Still, the full experience of performing live is impossible to replicate on screen. Isabella Boylston, principal dancer with American Ballet Theatre, says she’s missed the exchange of energy between artist and audience. “One of the biggest challenges I’ve found has been stamina,” she says. “You can run things in the studio as much as you want, but there’s just a different level of fitness and stamina you can seriously only get from performing. The adrenaline really takes your performance to another level, and it’s hard to recapture that without energy from the audience.”

Black and white wide-screen shot of a long white hallway with grey doors, one man leaning against the wall in the distance

A still from Muted Lows

Courtesy McKinney

There’s also the struggle to get the perfect performance that will remain in perpetuity. McKinney, whose Muted Lows was commissioned by Alfred University, says, “You have the ability to really direct what the audience sees. If you’re onstage and you have an ensemble, the audience can choose to look at one person, or the whole stage, or they can look away. In film, whatever is on screen is what you want them to see.”

For the performers, that ability to zoom in can be nerve-racking. Boylston recently filmed The Seasons for ABT’s virtual spring season, Live from City Center, and despite the title, the performance was not streamed live, but rather she and partner James Whiteside spent three hours filming the five-minute pas de deux. “I thought, ‘Oh, I can easily get this, it won’t take that long…but it always ends up taking so much longer because, as dancers, we’re such perfectionists.”

Spears says there’s a curation that’s different from the spontaneity of performing live. “With the stage, what happens happens,” she says. “If I fall, that’s it…Oops, I’ll try again the next time. But filming was the opposite of letting it all go.”

Boylston, who watched ABT’s spring season at home with her husband and Whiteside (“We just didn’t want to be alone; we needed to get together and watch this”), admits she struggled with her perfectionist mentality as an audience member. “I enjoyed seeing my friends dancing much more than I enjoyed seeing myself dancing for sure,” she says. “I feel like you can sit back and just appreciate what other artists have to offer, whereas when you’re watching yourself, you’re just going to be very self-critical a lot of the time.”

Boylston encourages young dancers who may be seeing themselves on camera this recital season to use it as an opportunity learn. “But at the same time, just know that you don’t see what other people see, and it’s impossible for you to watch yourself objectively,” she says. “Don’t be too hard on yourself, because that’s really counterproductive. You need to love yourself.”

Isabella Boylston, in a red dress, developpes to the side while leaning toward James Whiteside, who stands in tendu side.
Isabella Boylston performing with James Whiteside

Christopher Duggan, Courtesy Boylston

Spears found herself watching Roberts’ piece over and over again. “I couldn’t stop. I couldn’t stop watching my friends. I was filled with so much joy to see what we created as a group.” She also became highly aware of the larger community that got to enjoy the premiere. She’s used to performing in theaters that can hold 1,000 to 3,000 people, but within minutes of premiering, the piece had received 15,000 views and was getting hundreds of comments. It was a unique silver lining to reach new audiences in a time when the world felt so disconnected.

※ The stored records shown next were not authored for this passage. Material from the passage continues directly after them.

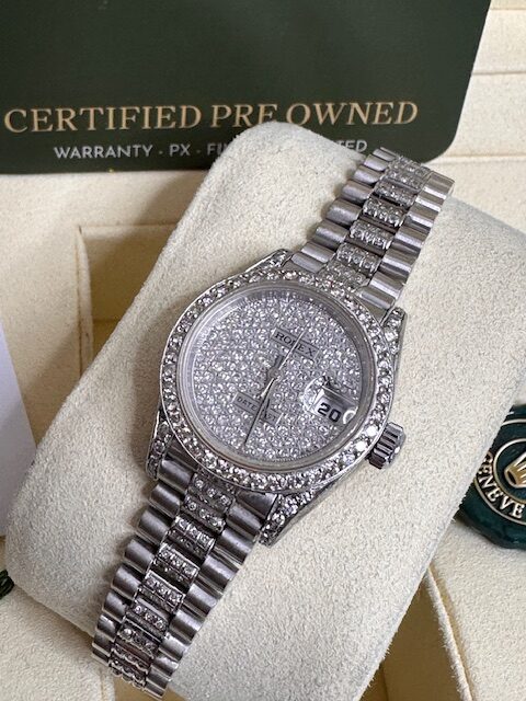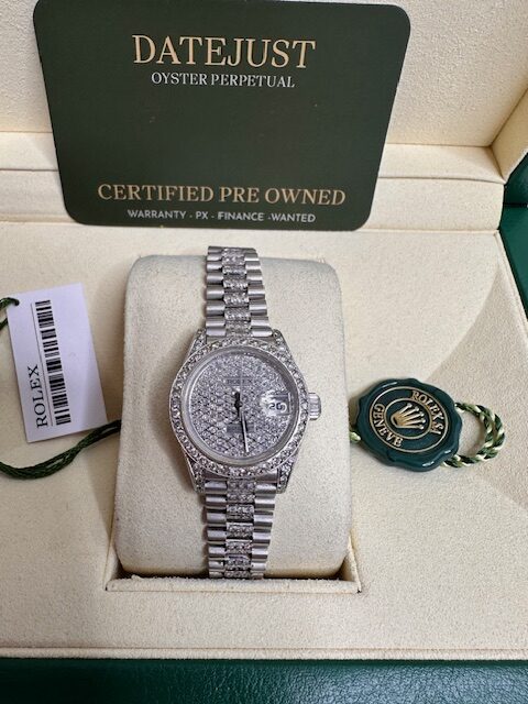 ROLEX CUSTOM DIAMOND SET DATEJUST 69179, PRESIDENT BRACELET , STUNNING PAVE DIAMOND DIAL , MATCHING DIAMOND BEZEL, SHOULDERS AND PRESIDENT DIAMOND BRACELET
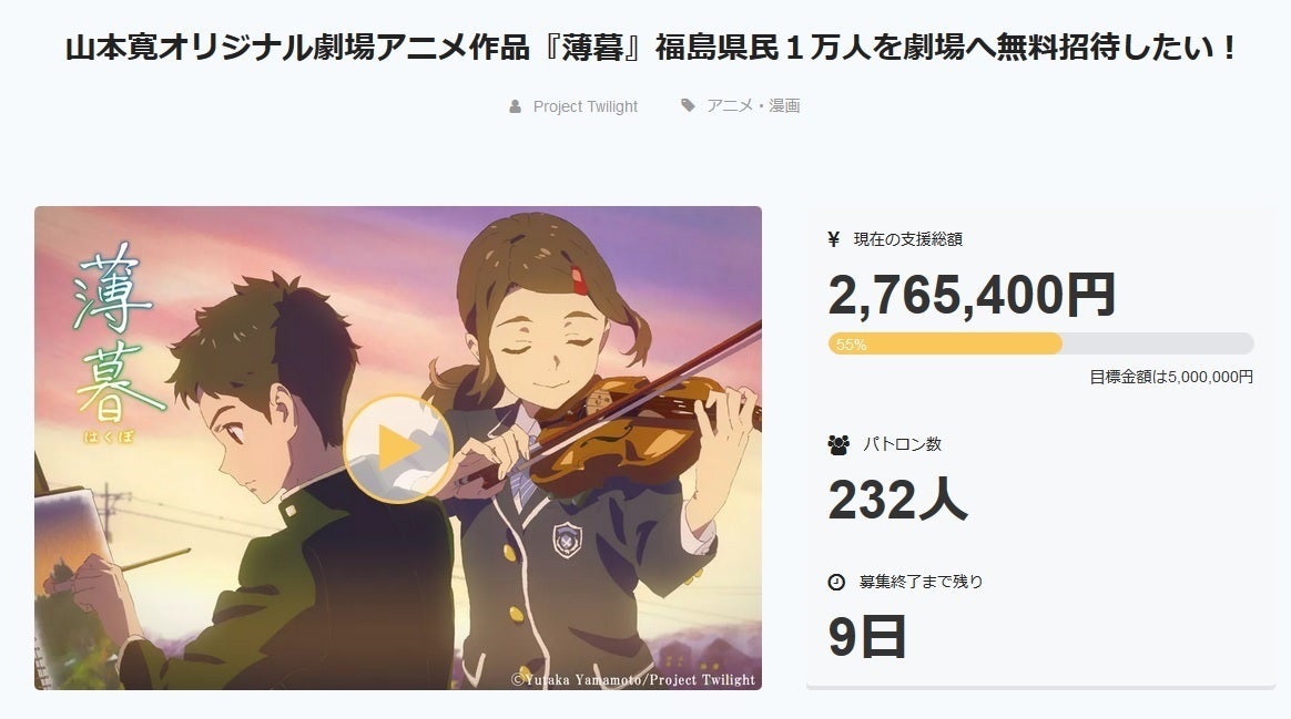 引き続き『薄暮』プロジェクトをよろしくお願いいたします!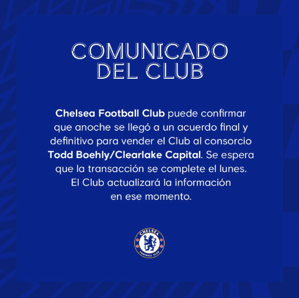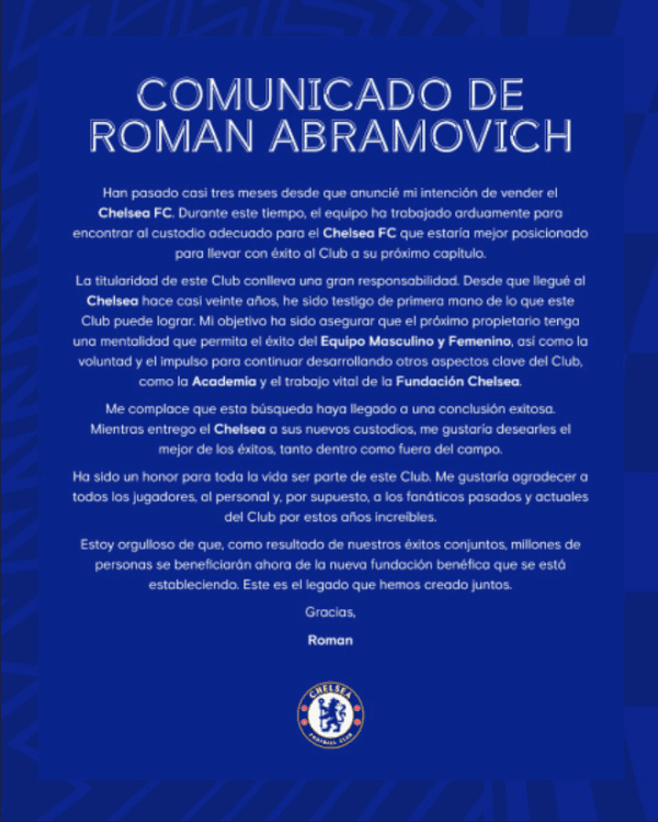 Abramovich lo confirmó a través de un comunicado en Twitter en la cuenta de Chelsea: “Me complace que esta búsqueda haya llegado a una conclusión exitosa. Mientras entrego el Chelsea a sus nuevos custodios, me gustaría desearles el mejor de los éxitos, tanto dentro como fuera del campo“.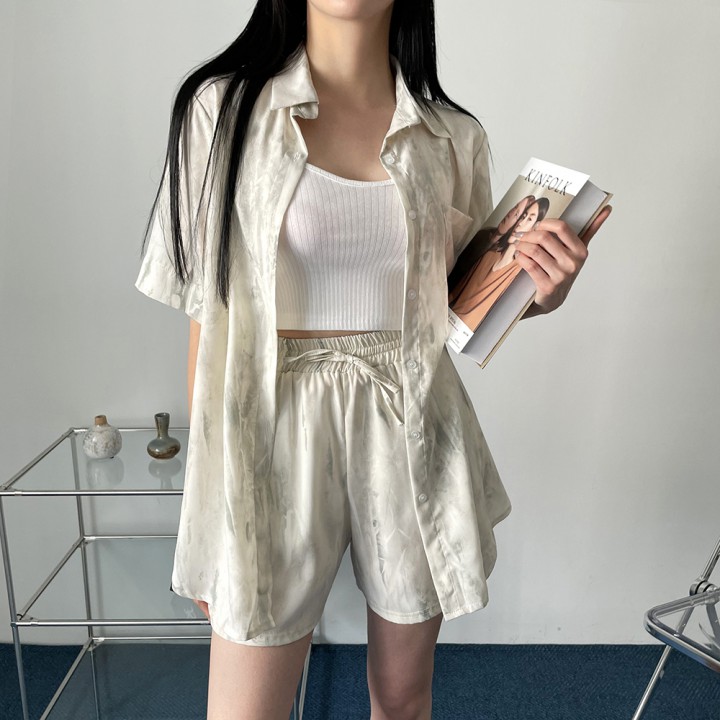 [색감예쁨/3color] 뒷트임 슬릿 루즈핏 물나염 세트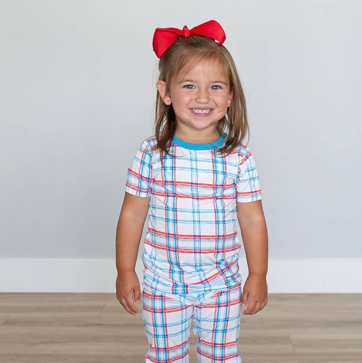 * Diseño de acuarela a cuadros azul/rojo * Hecho de tela suave y elástica, 95% viscosa de bambú, 5% elastano * Doble cremallera para cambiar pañales fácilmente accesibles * Sin etiquetas para pieles delicadas * Opción de calzado plegable para ropa de dormir * Manoplas plegables para evitar arañazos * Para la seguridad del niño, la ropa de dormir debe quedar ajustada * Es grande, talla más pequeña para un ajuste perfecto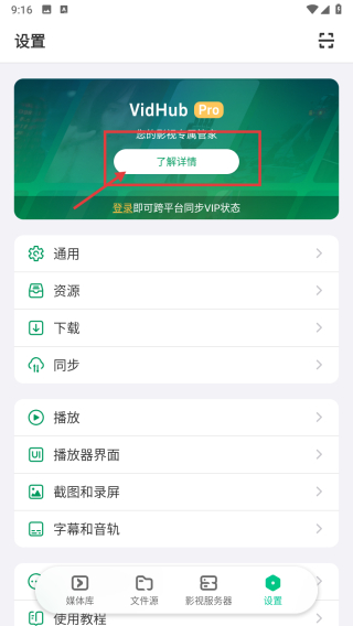 2、在設(shè)置頁面,點(diǎn)擊了解詳情按鈕,進(jìn)入VidHub-Pro升級(jí)頁面。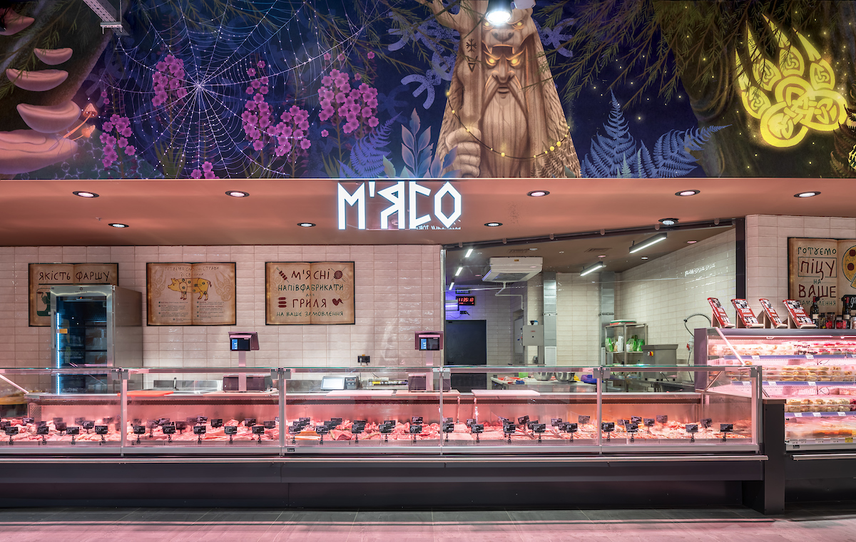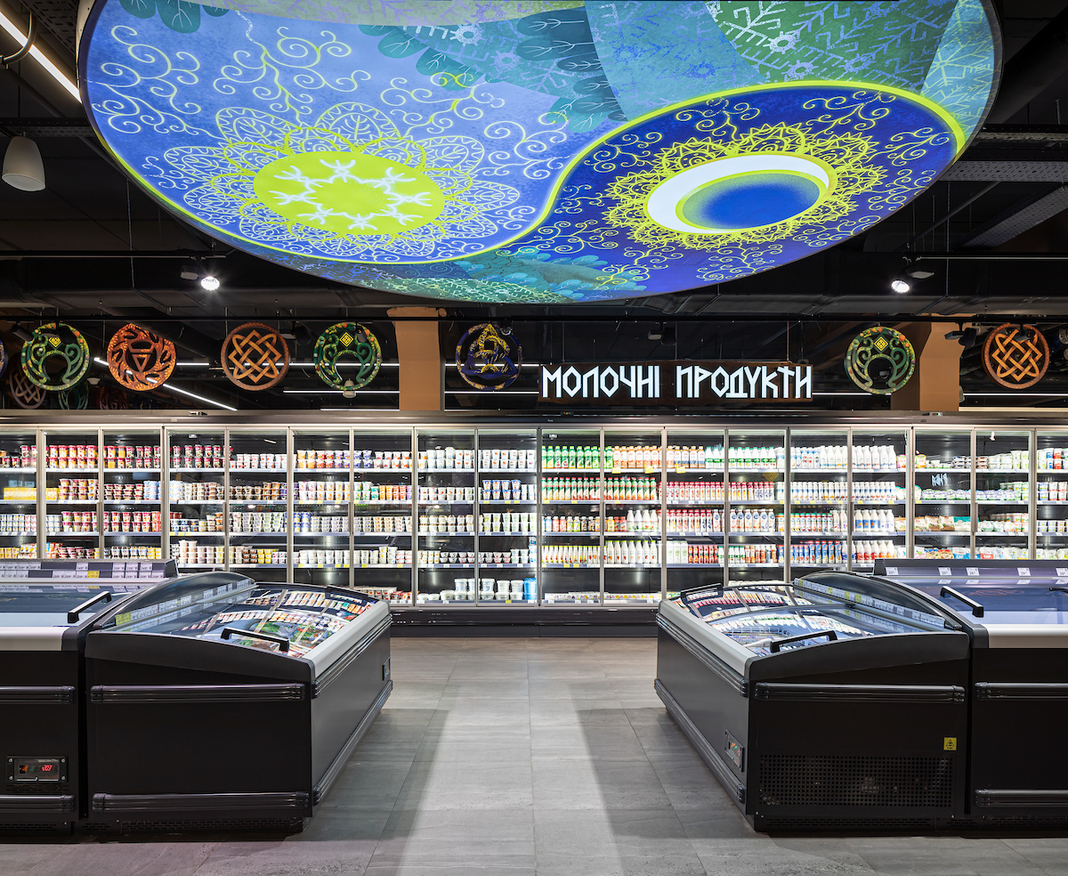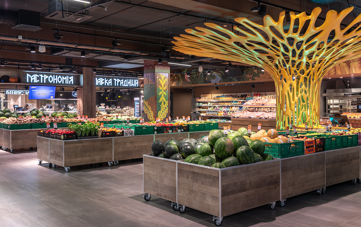 В оформленні нового магазину поєдналися стихії, краса природи, старовинні язичницькі символи – все це “під опікою” давньослов’янського бога Велеса. Саме статуя бога Велеса зустрічає гостей на вході до магазину. Посеред овочевого відділу розміщена інсталяція дерева життя, яке символізує єдність трьох світів – небесного, земного та потойбічного, а касові лайтбокси виконані у формі тотемів Велеса. У дизайні торговельного залу багато старовинних язичницьких символів та елементів побуту. Переглянути більше фото нового супермаркету – можна в окремому фотоогляді RAU.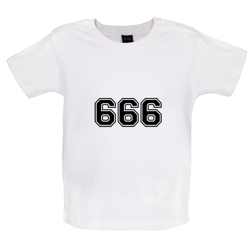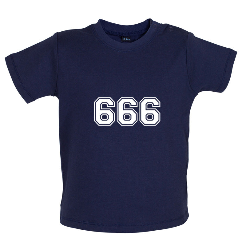 Baby/Toddler T-shirt: Our Baby Unisex style 666 College T-shirt is printed on our high quality 200 gsm ringspun cotton garment which features shoulder poppers to ease getting your little one dressed. Our Baby T-shirts are available in a choice of Eight colours.

Each of these dancers proclaims unequivocally that if given the choice between a virtual or in-person performance next, they would choose the in-person performance. Spears explains, “I think every artist—everyone in the world, really—has their house where their talent flourishes. You know, a carpenter performs best in a woodshop…everybody who is good at something, they know where that energy, love and time is cultivated in its most beautiful essence. And so, not that I don’t love film, but I miss the theater, I miss the live aspect of art.”

Looking ahead at when she can be back onstage, Boylston says, “I think it’s going to be really, really emotional for everyone—the audience and the dancers. And I can’t wait.”